• Tim Payne, Partner |
  • Surbjit Laroya- Annan, Partner |
  • Karena Starkie-Gomez, Director |
9 min read

Leading transformations has always been tough. And in the last few years, it’s only become more complex with greater uncertainty and disruption. Today, organisations are not just tweaking parts of themselves, they are fundamentally rethinking their strategies, products and services.

We have been closely looking at what this means for leadership teams during digital transformations. In working with clients across sectors, we have insight into what works and areas where teams often face roadblocks. Our ‘Leading through flux’ model identifies key enablers for staying agile and delivering change in a fast-changing environment. It defines the thinking for working through common challenges and creating lasting change.

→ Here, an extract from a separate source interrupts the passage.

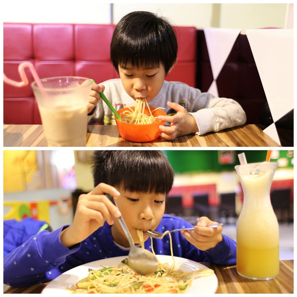 雖然有點辣度,但因為太好吃,兩兄弟完全忘記辣辣的感覺,用神速把整盤義大利麵吃光光
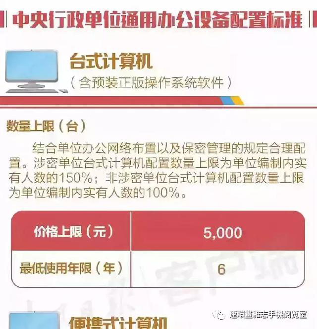 计算机、打印机、扫描仪等办公室设备:电脑最少要用6年,台式的价格上限5000元通知要求,台式计算机(含预装正版操作系统软件)价格上限为5000元,最低使用年限为6年;便携式计算机(含预装正版操作系统软件)价格上限为7000元,最低使用年限为6年。

As humans, we are creatures of habit. People, culture and established ways of working make transformation hard; it’s not the technology or processes. Given that people are at the heart of change, leaders need to focus on relationships with customers and staff. As we found in the KPMG 2021 CEO Outlook, leaders must stay true to their purpose and values while remaining agile.

In our model with trust at its core, there are four key parts to achieve this – Strategy Making, Test and Learn, Execution and Sustainability.

Strategy Making: are you keeping on top of changes and listening to peers?

To deliver on digital transformation today, you have to be in tune with what’s happening around you, be prepared and listen to colleagues who think differently. You are likely to get left behind if you remain insulated.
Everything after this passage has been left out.